A set of digits (typeless literals) in chars:



```fs

let set DigitsPrintedToChars = '0' | '1' | '2' | '3' | '4' | '5' | '6' | '7' | '8' | '9'

```



A set of ints which we can parse from a string:



```fs

let set IntsPrintedToStrings = all i from Strings 

                               where i is c::s 

                               provided c in DigitsPrintedToChars and s is [] or in IntsPrintedToStrings

```



Where `Strings` is a built-in set of all possible seqeunces of characters.

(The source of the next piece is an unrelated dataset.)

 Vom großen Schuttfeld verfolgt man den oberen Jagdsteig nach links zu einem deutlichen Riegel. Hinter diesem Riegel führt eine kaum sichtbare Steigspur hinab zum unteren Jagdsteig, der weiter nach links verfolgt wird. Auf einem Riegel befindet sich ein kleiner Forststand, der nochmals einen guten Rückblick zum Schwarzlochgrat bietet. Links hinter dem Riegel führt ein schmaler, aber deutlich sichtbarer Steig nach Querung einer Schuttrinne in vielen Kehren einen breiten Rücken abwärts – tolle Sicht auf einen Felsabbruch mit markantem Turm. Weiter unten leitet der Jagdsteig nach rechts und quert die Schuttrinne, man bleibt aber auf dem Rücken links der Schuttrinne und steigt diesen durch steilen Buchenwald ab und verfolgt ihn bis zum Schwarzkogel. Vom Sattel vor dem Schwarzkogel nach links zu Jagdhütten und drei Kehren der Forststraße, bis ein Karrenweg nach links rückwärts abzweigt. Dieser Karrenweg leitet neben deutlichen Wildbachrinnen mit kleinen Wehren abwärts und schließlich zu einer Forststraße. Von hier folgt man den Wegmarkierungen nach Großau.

Here's how we define the sets of characters which look like digits:

```fs

let map ParseChar: DigitsPrintedToChars -> Ints

        ParseChar c = { ('0', 0), ('1', 1), ('2', 2), ('3', 3), ('4', 4), ('5', 5), ('6', 6), ('7', 7), ('8', 8), ('9', 9) }

```



It's the pure mathematical definition of function as a set of binary relations. It maps a set of ten elements to another

set of ten elements. In other languages the closest principle would be `match` or `switch`.



```fs

let map Parse: IntsPrintedToStrings -> Ints

        Parse s = s is

            c::[] -> ParseChar(c)

            c::s -> ParseChar(c) * 10 + Parse s

```



Now, let's try an example:



```fs

let a = Parse "abc"

```



The code above does not compile, because `"abs"` does not belong to the domain of `Parse`.



And this code compiles:

```fs

let a = Parse "123"

```

and returns an element of range, which is `Ints`. Note that range is also a set => is a value.

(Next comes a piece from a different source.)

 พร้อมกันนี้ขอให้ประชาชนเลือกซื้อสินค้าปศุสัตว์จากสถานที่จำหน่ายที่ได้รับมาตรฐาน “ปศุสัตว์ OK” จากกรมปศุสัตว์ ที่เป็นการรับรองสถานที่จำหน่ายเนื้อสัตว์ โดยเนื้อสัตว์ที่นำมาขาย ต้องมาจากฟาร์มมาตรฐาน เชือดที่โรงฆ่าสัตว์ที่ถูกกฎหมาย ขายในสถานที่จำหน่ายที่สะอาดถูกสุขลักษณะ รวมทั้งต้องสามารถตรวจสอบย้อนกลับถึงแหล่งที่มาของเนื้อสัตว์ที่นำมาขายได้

`Parse`'s domain is a subset of `Strings` (by definition), so if we want to parse an arbitrary string, we

must prove that it belongs to that subset.



## Example 2: set madness



The code:

```fs

let set NonEmptySets = all u from U where exists e in U: e in u



// randomness cannot exist, so we need a determinant for our "random" function

let map GetRandomSet: NonEmptySets -> NonEmptySets

        GetRandomSet i = ...



let map Something: (GetRandomSet GetRandomSet GetRandomSet) -> GetRandomSet

        Something a = (GetRandomSet, GetRandomSet)

```



Explanation. This code is pretty self-explanatory, it finds all non-empty existing sets. Not clear though how we can

easily check the conditions of `exists e in U` though.

```fs

let set NonEmptySets = all u from U where exists e in U: e in u

```



```fs

// randomness cannot exist, so we need a determinant for our "random" function

let map GetRandomSet: NonEmptySets -> NonEmptySets

        GetRandomSet i = ...

```

That's a function which takes a non-empty set as an argument and maps it to another non-empty set. For now

we don't care about the relation ("implementation").

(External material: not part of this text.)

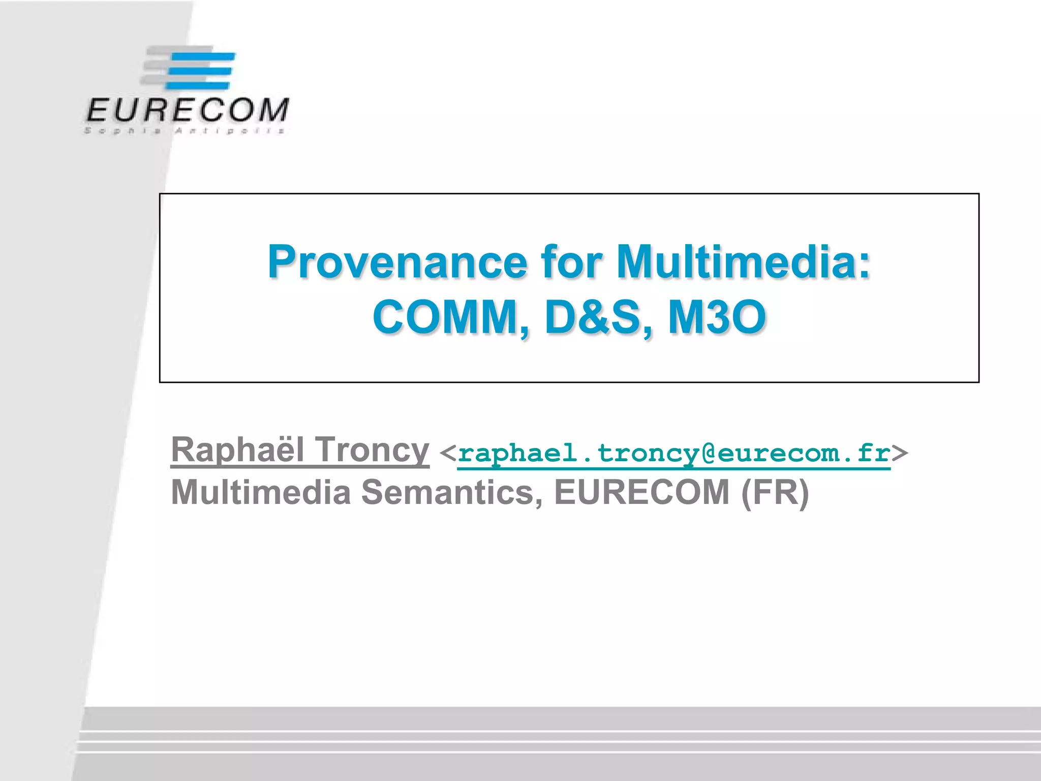 The document discusses provenance in multimedia semantics, focusing on tagging approaches and semantic annotation of multimedia objects using MPEG-7 standards. It highlights the complexity of multimedia content, the need for patterns and ontologies for effective information exchange, and several design patterns for decomposition and annotation. Additionally, it outlines various provenance vocabularies and emphasizes the importance of formalized contexts for multimedia interpretation.

The most interesting part:

```fs

let map Something: (GetRandomSet GetRandomSet) -> GetRandomSet

        Something a = GetRandomSet a

```

`GetRandomSet` maps a non-empty set to a non-empty set. As an argument it got a `GetRandomSet` which *is* a non-empty set, because

`GetRandomSet` is a function and the set of non-empty sets is not empty (are we to prove it?).



Now, the only value it returns is the value of the only argument mapped through `GetRandomSet`.



## Runtime



Sets are unions or conditions so far, hence, it will be a hashset for unions and functor for conditions (maybe).